Re: [PATCH][RFC] Sparse on entry cache for Ranger.

2021-06-07 Thread Richard Biener via Gcc-patches
On Wed, Jun 2, 2021 at 11:15 PM Andrew MacLeod  wrote:
>
> As mentioned earlier, I abstracted the on-entry cache at the beginning
> of stage1. This was to make it easier to port future changes back to
> GCC11 so we could provide alternate representations to deal with memory
> issues, or what have you.
>
> This patch introduces a sparse representation of the cache which is
> used  when the number of basic blocks gets too large.
>
> I commandeered the bitmap code since its efficient and has been working
> a long time, and added 2 routines to get and set 4 bits (quads) at a
> time.  This allows me to use a bitmap like its a sparse array which can
> contain a value between 0 and 15, and is conveniently pre-initialized to
> values of 0 at no cost :-)   This is then used as an index into a small
> local table to store ranges for the name.  Its limiting in that an
> ssa-name will not be able to have more than 15 unique ranges, but this
> happens in less than 8% of all cases in the data I collected, and most
> of those are switches.. any ranges after the 15 slots are full revert to
> VARYING.  The values for VARYING and UNDEFINED are pre-populated, and
> for pointers, I also pre-populate [0,0] and ~[0, 0].
>
> This also adds --param=evrp-sparse-threshold=  which allows the
> threshold between the full vector and this new sparse representation to
> be changed.
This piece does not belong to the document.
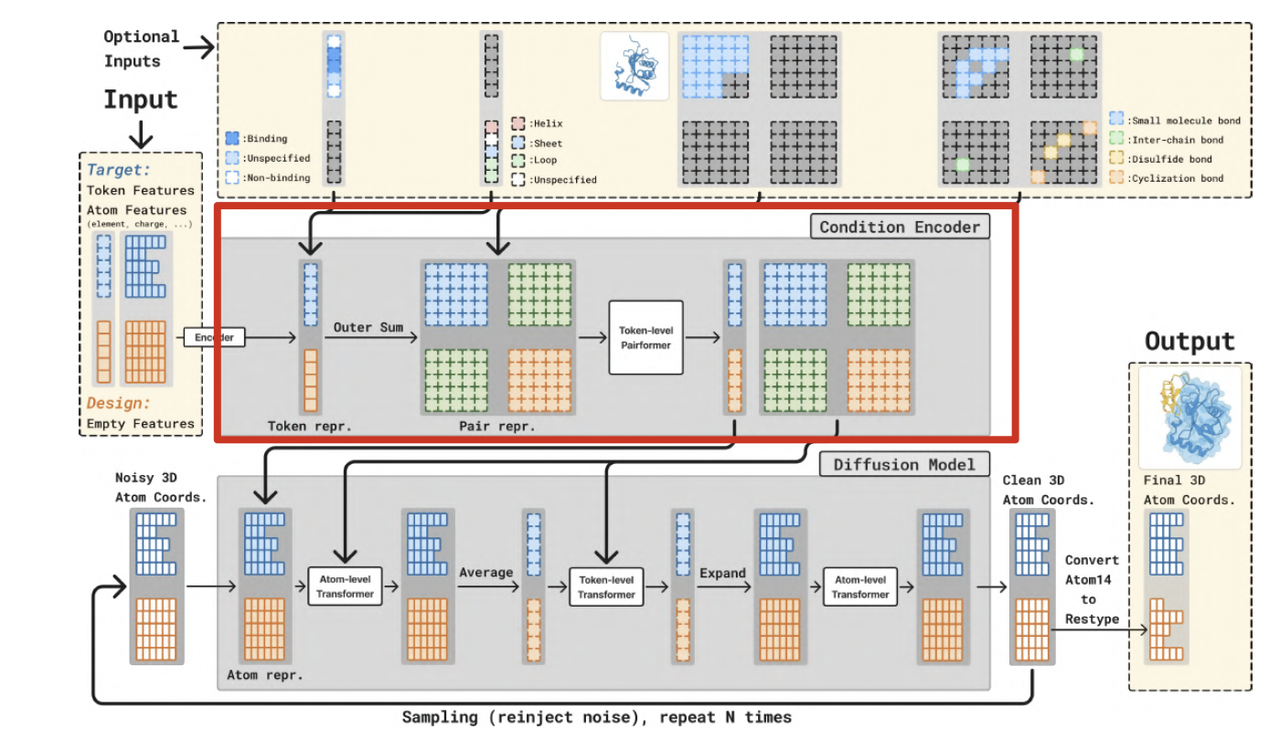 Condition Encoder 是 BoltzGen 的核心。它将目标与设计的原子特征映射为统一的几何表征,通过 token-level 与 pair-level transformer 捕捉分子间空间关系。

It defaults to a value of 800. I've done various performance
> runs, and this seems to be a reasonably balanced number. In fact its a
> 28% improvement in EVRP compile time over 390 files from a gcc bootstrap
> with minimal impact on missed opportunities.
>
> I've also tried to see if using less than 15 values has any significant
> effect (The lookup is linear when setting), but it does not appear to.
>
> I've also bootstrapped with the sparse threshold at 0 to ensure there
> aren't any issues.
>
> My thoughts are I would put this into trunk, and assuming nothing comes
> up  over the next couple of days, port it back to GCC11 to resolve
> 100299 and other excessive memory consumption PRs there as well. given
> that its reusing bitmap code for the sparse representation, it seems
> like it would be low risk.
>
> Are we OK with the addition of the bitmap_get_quad and bitmap_set_quad
> routines in bitmap.c?  It seems like they might be useful to others.
> They are simple tweaks of bitmap_set_bit and bitmap_bit_p.. just dealing
> with 4 bits at a time.  I could make them local if this is a problem,
> but i don't have access to the bitmap internals there.

I think _quad is a bit too specific - it's aligned chunks so maybe

void bitmap_set_aligned_chunk (bitmap, unsigned int chunk, unsigned
int chunk_size, BITMAP_WORD chunk_value);

and

BITMAP_WORD bitmap_get_aligned_chunk (bitmap, unsigned int chunk,
unsigned chunk_size);

and assert that chunk_size is power-of-two and fits in BITMAP_WORD?

(also note using unsigned ints and BITMAP_WORD for the data type)

I've been using two-bit representations in a few places (but mostly
setting/testing the
respective bits independently), I suppose for example

static dep_state
query_loop_dependence (class loop *loop, im_mem_ref *ref, dep_kind kind)
{
  unsigned first_bit = 6 * loop->num + kind * 2;
  if (bitmap_bit_p (>dep_loop, first_bit))
return dep_independent;
  else if (bitmap_bit_p (>dep_loop, first_bit + 1))
return dep_dependent;

could use a chunk size of 2 and a single bitmap query.  Incidentially this
specific code uses 6 bits, so it's not fully aligned ...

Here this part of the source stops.